• _STORED DATA_
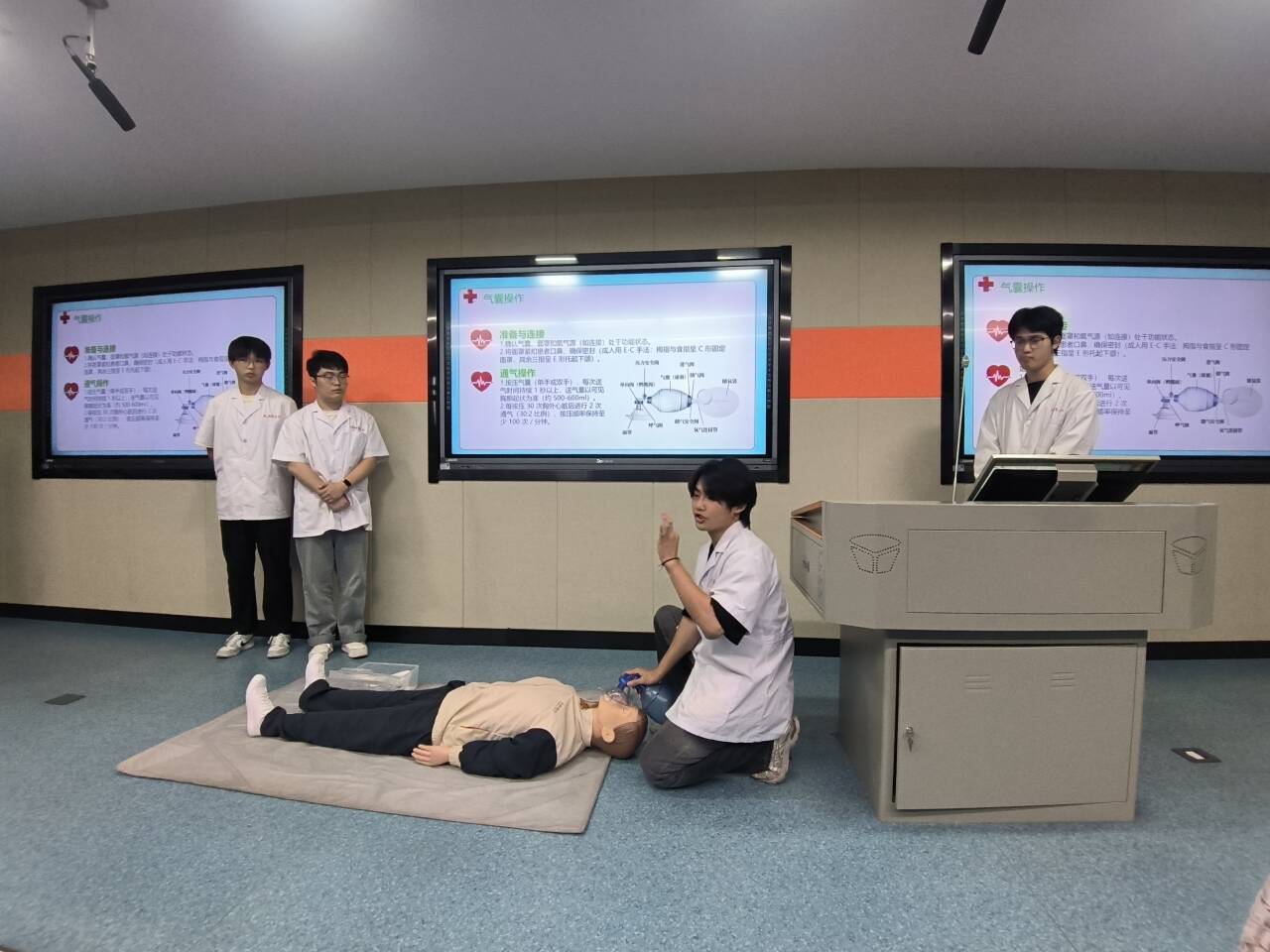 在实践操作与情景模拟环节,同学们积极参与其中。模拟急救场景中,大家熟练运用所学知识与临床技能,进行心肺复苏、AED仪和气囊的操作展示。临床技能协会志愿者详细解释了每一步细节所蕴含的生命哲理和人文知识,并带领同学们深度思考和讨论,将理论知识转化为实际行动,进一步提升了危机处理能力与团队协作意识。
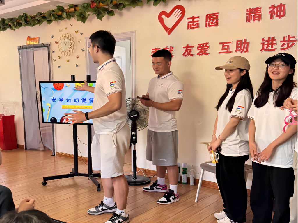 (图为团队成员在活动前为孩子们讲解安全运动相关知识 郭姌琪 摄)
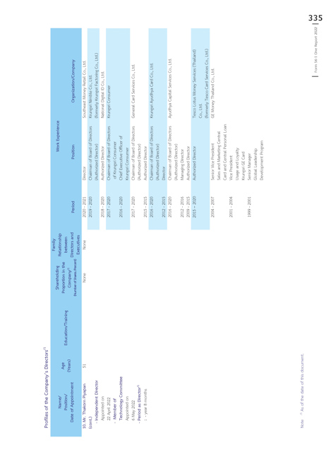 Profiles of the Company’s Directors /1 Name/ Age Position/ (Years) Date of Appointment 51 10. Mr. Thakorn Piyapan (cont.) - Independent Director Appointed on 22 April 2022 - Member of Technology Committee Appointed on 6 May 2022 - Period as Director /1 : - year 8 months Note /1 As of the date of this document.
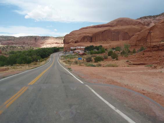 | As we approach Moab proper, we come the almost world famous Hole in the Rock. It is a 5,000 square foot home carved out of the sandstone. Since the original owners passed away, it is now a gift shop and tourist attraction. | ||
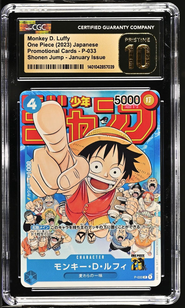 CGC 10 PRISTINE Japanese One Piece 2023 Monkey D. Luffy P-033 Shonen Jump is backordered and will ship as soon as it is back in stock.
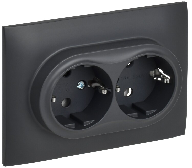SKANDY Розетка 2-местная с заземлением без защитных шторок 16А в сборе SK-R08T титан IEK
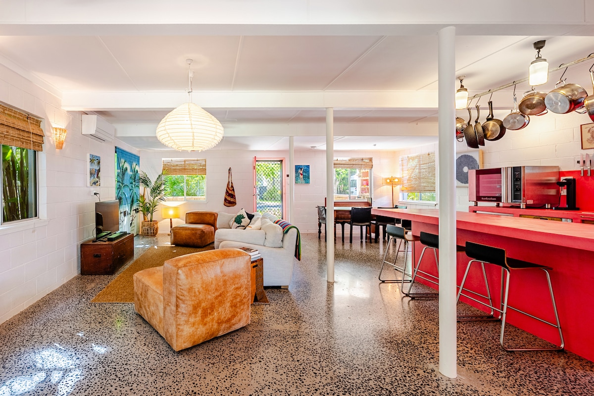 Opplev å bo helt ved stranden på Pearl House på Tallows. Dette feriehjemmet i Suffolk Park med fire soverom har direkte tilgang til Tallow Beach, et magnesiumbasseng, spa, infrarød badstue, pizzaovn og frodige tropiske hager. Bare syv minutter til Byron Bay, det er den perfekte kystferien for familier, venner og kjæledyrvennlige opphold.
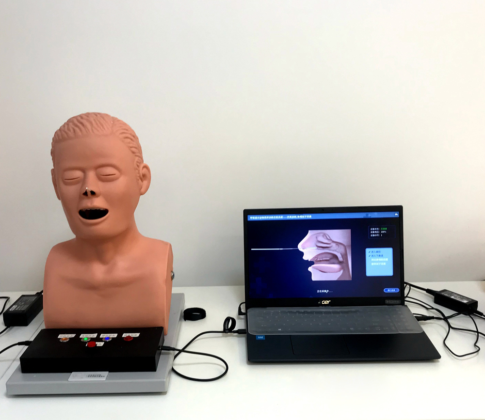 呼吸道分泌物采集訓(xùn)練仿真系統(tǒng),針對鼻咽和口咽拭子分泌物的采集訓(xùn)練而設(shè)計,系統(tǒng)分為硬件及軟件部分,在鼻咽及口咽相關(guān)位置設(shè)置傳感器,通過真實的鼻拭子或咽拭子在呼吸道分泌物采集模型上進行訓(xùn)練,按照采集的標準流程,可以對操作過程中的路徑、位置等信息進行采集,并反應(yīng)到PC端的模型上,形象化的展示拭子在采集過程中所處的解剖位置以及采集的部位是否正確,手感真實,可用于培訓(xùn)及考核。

• _ABOUT THIS TASK_
Restate, line by line and word for word, everything from the top of the material through the line that contains "Profiles of the". Leave pictures out.

• _ANSWER SPACE_
 在实践操作与情景模拟环节,同学们积极参与其中。模拟急救场景中,大家熟练运用所学知识与临床技能,进行心肺复苏、AED仪和气囊的操作展示。临床技能协会志愿者详细解释了每一步细节所蕴含的生命哲理和人文知识,并带领同学们深度思考和讨论,将理论知识转化为实际行动,进一步提升了危机处理能力与团队协作意识。
 (图为团队成员在活动前为孩子们讲解安全运动相关知识 郭姌琪 摄)
 Profiles of the Company’s Directors /1 Name/ Age Position/ (Years) Date of Appointment 51 10. Mr. Thakorn Piyapan (cont.) - Independent Director Appointed on 22 April 2022 - Member of Technology Committee Appointed on 6 May 2022 - Period as Director /1 : - year 8 months Note /1 As of the date of this document.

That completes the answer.